Lo curioso es que pocos de estos logros hubiesen llegado a Buenos Aires sino fuese por la ayuda que le dio el Senador Jujeño por la UCR (Unión Cívica Radical), Gerardo Morales. En 2009 el Senador, que ideológicamente podría ubicarse en la centro-derecha, llevó a Milagro Sala a los titulares Nacionales cuando la acusó, a ella y a su organización social La Tupac Amaru, de haber estado detrás de un escrache[1] a su persona a la salida de un seminario. Morales la acusó también de narcotraficante y a la organización que dirige de mafiosa. Su estrecha relación con el Gobierno Nacional la hace el blanco de las críticas de dirigentes de la oposición y también de otras organizaciones indígenas que acusan a Sala de usar la violencia para obtener su cooperación en marchas y escraches. Lo cierto es que, a pesar de las diferencias, La Tupac Amaru marchó junto a otras 30 delegaciones indígenas de diferentes puntos del país hacia la Plaza de Mayo en mayo de 2010. Y el reclamo, único y contundente, fue el mismo de los últimos dos siglos: tierra, rechazo a las empresas que los desalojan, respeto a su cultura ancestral y justicia frente a los atropellos del pasado y el presente. “La tierra, robada, será recuperada”, cantaron, organizados.

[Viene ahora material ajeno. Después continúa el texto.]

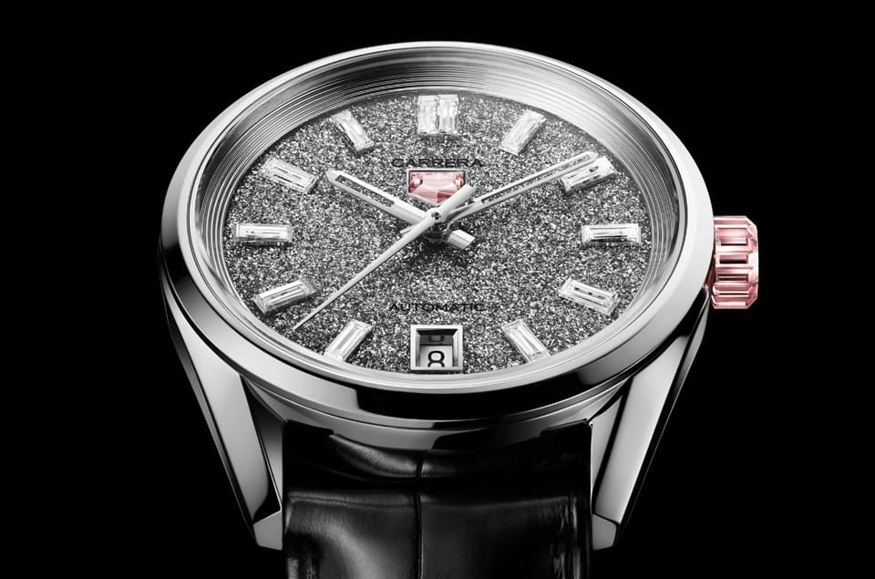 Carrera Plasma前衛粉鑽手錶的面盤也是以多晶鑽石製成,面盤邊緣的白金時標基座共鑲有12顆實驗室培育鑽石,多晶鑽石由於不像Carrera Plasma前衛鑽石陀飛輪計時碼錶有小錶盤、陀飛輪裝置等,因此更能完整展現其不規則造型反射出的萬丈光芒。泰格豪雅特別改用粉色鑽石切割成品牌的盾型標誌,並鑲在面盤12點位置,其在多晶鑽石面盤上格外醒目,與白金錶殼的光芒互相輝映,讓人看得如癡如醉。

Y es que, finalmente, La Tupac logró lo impensable en un país donde las minorías son ignoradas y aplastadas por esa construcción ciudadana sarmientina del inmigrante europeo, blanco y civilizado: una organización propia, con sus propias reglas, más cerca de aquel líder indígena del siglo XVIII que de quienes lo torturaron y asesinaron. Una organización que toma en sus manos su propio destino; que le da la mano a los avances tecnológicos que prometen sacarlos de la miseria pero que intenta hacerlo hablando el idioma de los Incas.
[1] Nota: este es un modismo argentino: escrachar, del italiano schiacciare, significa manifestarse, pero también puede ser evidenciar a una persona pública dando a conocer sus características negativas.